- **WORK ORDER**:
From the entries below, please output exactly the lines starting at the one containing "Three enamel advertising" and ending at the one containing "Innen überzeugt jede", both included.
----- RECORDS FOR PROCESSING -----
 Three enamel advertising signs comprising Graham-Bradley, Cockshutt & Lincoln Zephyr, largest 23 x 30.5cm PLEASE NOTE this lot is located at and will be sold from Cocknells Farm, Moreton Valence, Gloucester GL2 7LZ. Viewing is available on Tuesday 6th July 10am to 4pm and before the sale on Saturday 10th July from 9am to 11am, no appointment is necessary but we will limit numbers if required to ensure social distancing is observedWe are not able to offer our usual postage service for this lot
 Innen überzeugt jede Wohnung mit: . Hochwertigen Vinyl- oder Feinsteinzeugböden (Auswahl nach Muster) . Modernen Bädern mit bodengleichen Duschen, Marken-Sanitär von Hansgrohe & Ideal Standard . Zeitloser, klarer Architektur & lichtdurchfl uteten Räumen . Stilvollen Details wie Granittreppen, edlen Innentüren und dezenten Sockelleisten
-----
----- RECORDS FOR PROCESSING -----
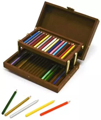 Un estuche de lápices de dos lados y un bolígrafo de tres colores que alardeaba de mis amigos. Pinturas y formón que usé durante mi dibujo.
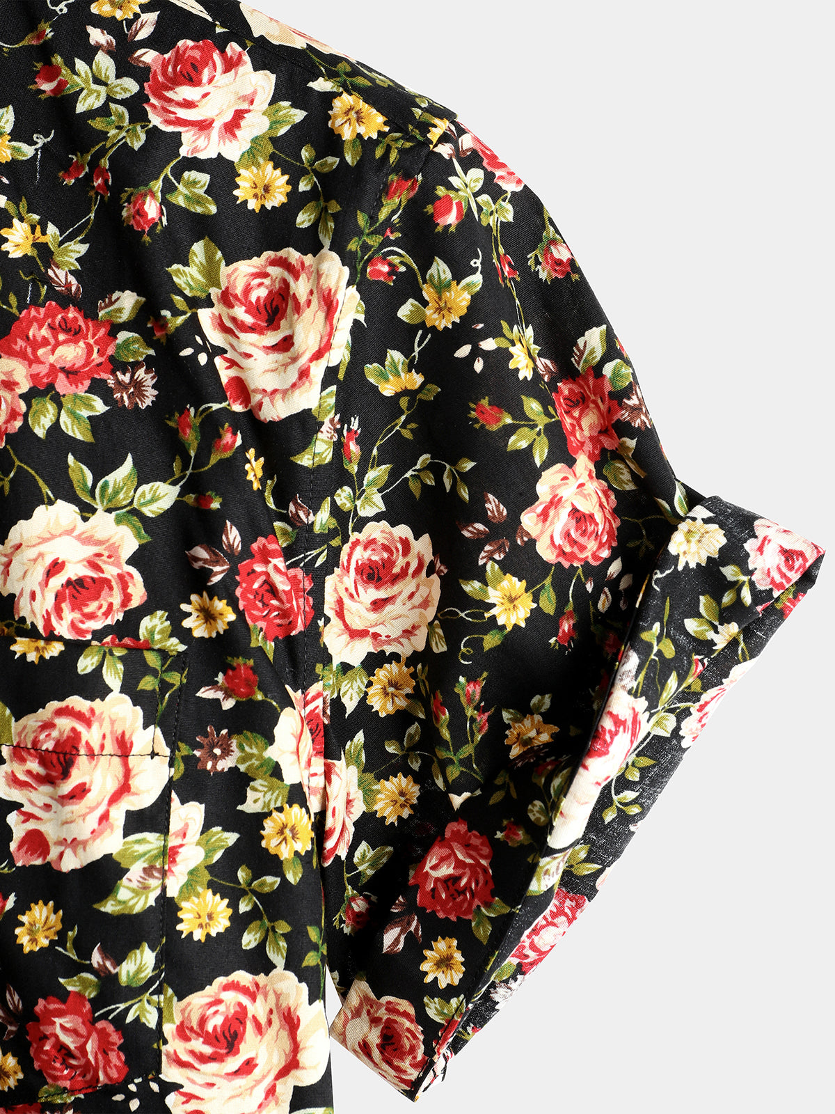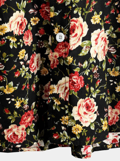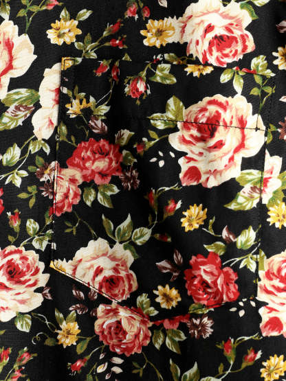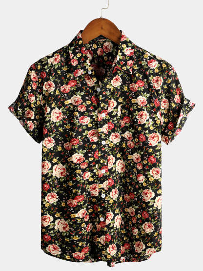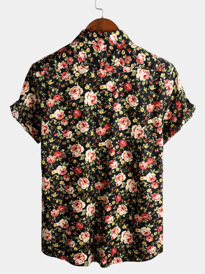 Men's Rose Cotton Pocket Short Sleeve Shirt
-----
- **SOLVED PROBLEM**:
 Three enamel advertising signs comprising Graham-Bradley, Cockshutt & Lincoln Zephyr, largest 23 x 30.5cm PLEASE NOTE this lot is located at and will be sold from Cocknells Farm, Moreton Valence, Gloucester GL2 7LZ. Viewing is available on Tuesday 6th July 10am to 4pm and before the sale on Saturday 10th July from 9am to 11am, no appointment is necessary but we will limit numbers if required to ensure social distancing is observedWe are not able to offer our usual postage service for this lot
 Innen überzeugt jede Wohnung mit: . Hochwertigen Vinyl- oder Feinsteinzeugböden (Auswahl nach Muster) . Modernen Bädern mit bodengleichen Duschen, Marken-Sanitär von Hansgrohe & Ideal Standard . Zeitloser, klarer Architektur & lichtdurchfl uteten Räumen . Stilvollen Details wie Granittreppen, edlen Innentüren und dezenten Sockelleisten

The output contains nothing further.